» What you have to do: Your output should be everything below from the line containing "18k Gold Filled" down to the line containing "Dentro de su", both ends included, copied exactly, with pictures left out.

» Supplied records:
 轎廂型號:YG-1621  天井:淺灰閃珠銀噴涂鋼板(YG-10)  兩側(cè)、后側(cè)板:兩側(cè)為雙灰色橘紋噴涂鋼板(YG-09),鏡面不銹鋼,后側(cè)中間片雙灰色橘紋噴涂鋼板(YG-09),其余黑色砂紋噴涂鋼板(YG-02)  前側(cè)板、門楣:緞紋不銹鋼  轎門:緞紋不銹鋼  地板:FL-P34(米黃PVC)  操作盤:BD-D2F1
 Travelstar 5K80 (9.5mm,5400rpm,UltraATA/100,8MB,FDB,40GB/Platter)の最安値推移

---

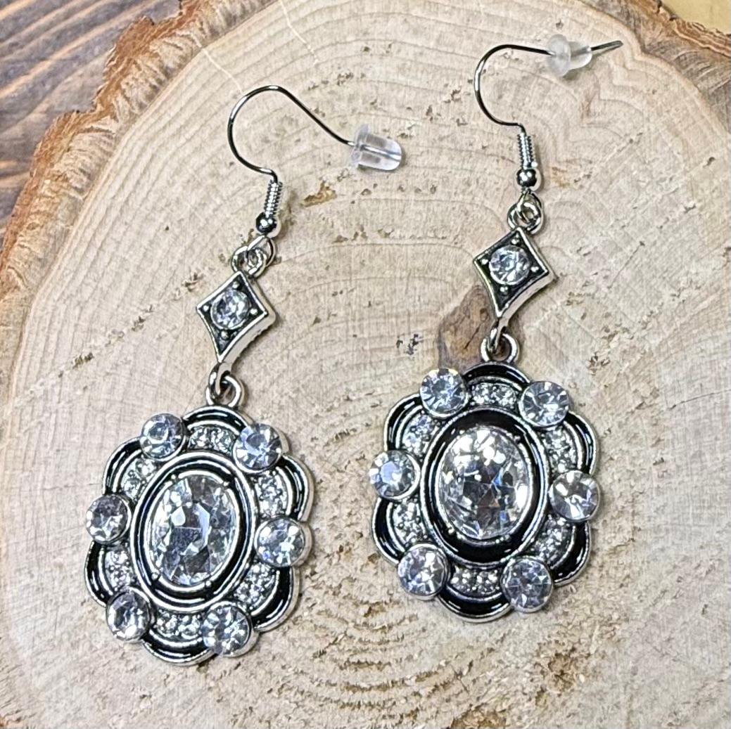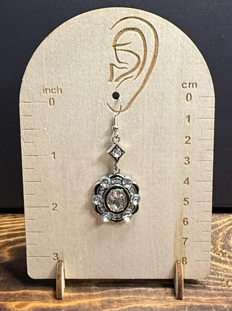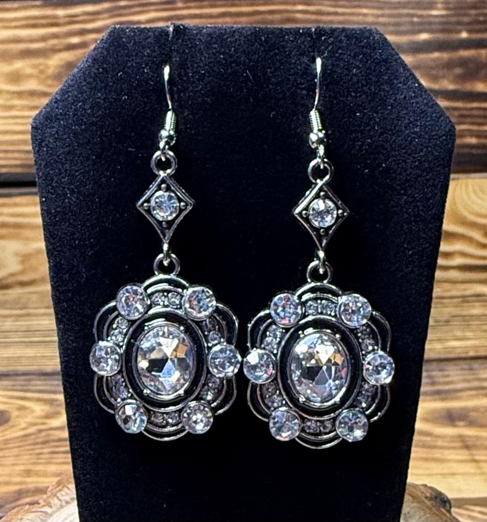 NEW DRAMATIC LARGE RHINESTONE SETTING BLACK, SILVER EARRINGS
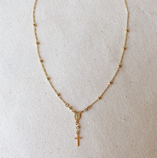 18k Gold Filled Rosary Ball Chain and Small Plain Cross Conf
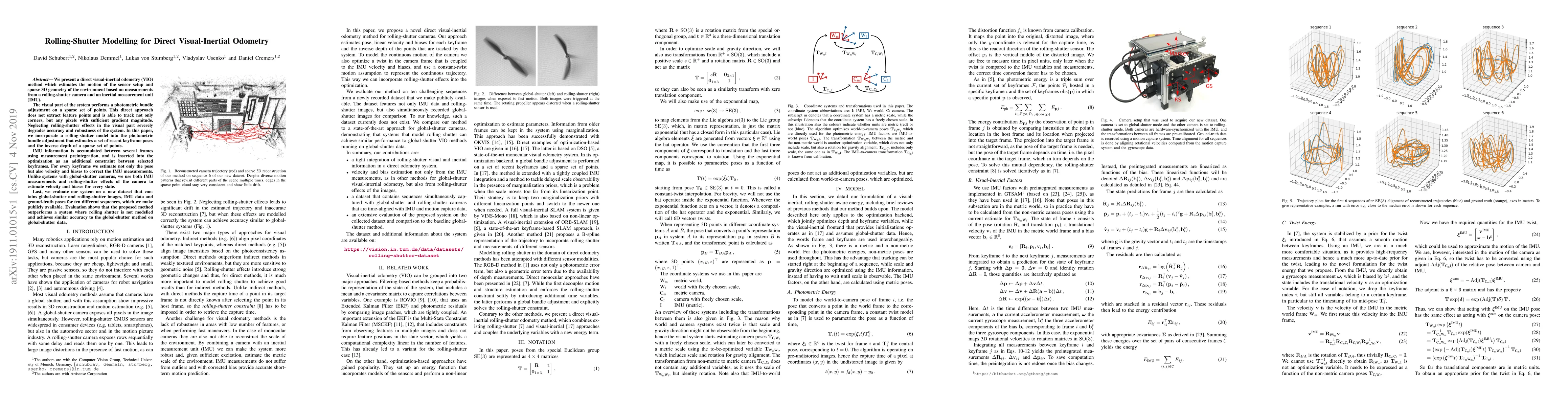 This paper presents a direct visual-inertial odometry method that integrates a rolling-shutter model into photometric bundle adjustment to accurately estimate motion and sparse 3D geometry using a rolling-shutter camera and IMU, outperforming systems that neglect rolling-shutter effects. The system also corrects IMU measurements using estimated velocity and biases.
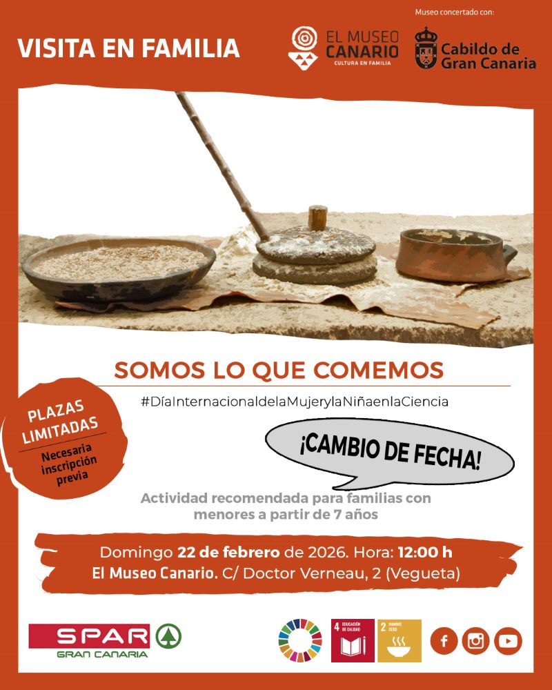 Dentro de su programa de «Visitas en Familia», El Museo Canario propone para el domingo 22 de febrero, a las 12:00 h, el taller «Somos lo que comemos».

» Answer to this problem:
 18k Gold Filled Rosary Ball Chain and Small Plain Cross Conf
 This paper presents a direct visual-inertial odometry method that integrates a rolling-shutter model into photometric bundle adjustment to accurately estimate motion and sparse 3D geometry using a rolling-shutter camera and IMU, outperforming systems that neglect rolling-shutter effects. The system also corrects IMU measurements using estimated velocity and biases.
 Dentro de su programa de «Visitas en Familia», El Museo Canario propone para el domingo 22 de febrero, a las 12:00 h, el taller «Somos lo que comemos».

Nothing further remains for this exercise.